Technical speaking, no I'm not using "pure" laboratory grade ammonia. I'm using cleaning grade ammonia with only 1 ingredient: Ammonium Hydroxide, which of course is just an aqueous solution of ammonia. There is no coloring, perfumes/scents, or sulfactants/soaps that are listed on the bottle. I understand it probably has negligible amounts of contaminants; this is the same gallon jug I have used on easily 20 tanks in the past year, and I have not had a problem yet. I am very confident that the ammonia I am using is not the problem.
As far as numbers go; I have not documented the process day by day as there really isn't much to it.
I add enough ammonia to get an initial reading of about 2-3 PPM (which I have found to provide faster cycling than higher concentrations). After about a week I start to test the ammonia level and add more ammonia as needed to get the concentration back to 2-3 PPM, once per day, as close as 24 hours after the last ammonia addition as possible. This involves a test to get the starting concentration in the tank, and a test (sometimes more) after the additional ammonia is added. On this particular brand of ammonia, it takes about 3 capfuls to jump the tank PPM up 2 PPM.

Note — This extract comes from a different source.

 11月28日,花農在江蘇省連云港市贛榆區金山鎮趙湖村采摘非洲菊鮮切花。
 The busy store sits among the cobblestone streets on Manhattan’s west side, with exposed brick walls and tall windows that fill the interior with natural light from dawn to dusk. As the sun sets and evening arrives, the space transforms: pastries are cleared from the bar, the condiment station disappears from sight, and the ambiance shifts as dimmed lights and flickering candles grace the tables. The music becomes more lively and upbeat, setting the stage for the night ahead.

I usually do a test for nitrite every couple of days during the first part of the cycle to determine if the ammonia is getting broken down. My kit tested positive for nitrite about a week into the cycle. I did not pay attention to the value at the time, as it wasn't important.

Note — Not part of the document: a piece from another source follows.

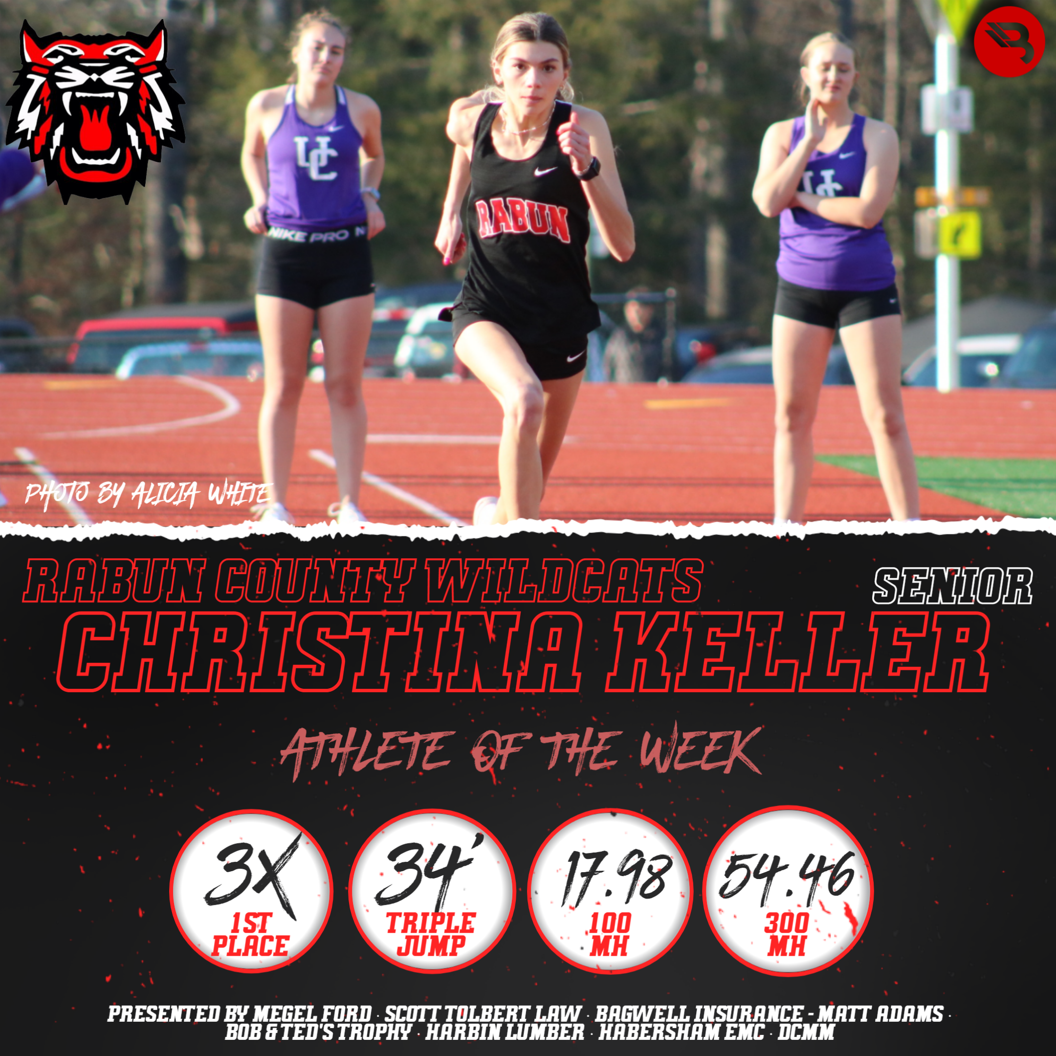 What a phenomenal outing for Rabun County’s Christina Keller. The senior, in a meet against Union County, placed first in 4 events – the triple jump, 100 MH, and 300 MH, as well as anchoring the 4×400 relay. In the triple jump, Keller registered a jump of 34′. In the 100 MH, her 17.98 place her first, and same with her 54.46 time in the 300 MH. Keller’s triple jump is the most remarkable, as she is currently Top-25 among all classifications and first in Class 1A DI with that distance. This is Keller’s first POW award.

Being that I used pre seeded media, I started to see a .5 to 1 PPM drop per day after a week. This slowly increased (I would guess .25 per 2 1/2 days??) until a test showed no ammonia in the tank. As witnessed before, ammonia breakdown seems to happen at an increasing pace, as opposed to nitrite which seems to plateau and then drop off suddenly over a day or two. At this point, I tested for nitrite, expected to see it in the tank, but found that this part of the cycle had also completed.
My test for nitrate at this point showed medium red on the API drop test; I would guess in the 80 PPM range.
The next day, the test for ammonia showed an increase in ammonia, even through I had not introduced any to the tank since the last test. The reading was between 1-2 PPM.
I have continued by cycling procedure, bringing the concentration up to 2-3 PPM per day, and 24 hours later I still see .75 to 1 PPM left over in the tank. Nitrites have been at 0 since I started testing for them daily.
I just tested the water, which is about 25 hours since the test yesterday. Here are my readings:
ammonia: .75 (between .5 and 1 ppm)
nitrite: 0 ppm
nitrate: between 40-80 PPM
This means that roughly half of the ammonia added is getting broken down per day. Why not the other half? This has been going on for weeks...I can't make heads or tails of it.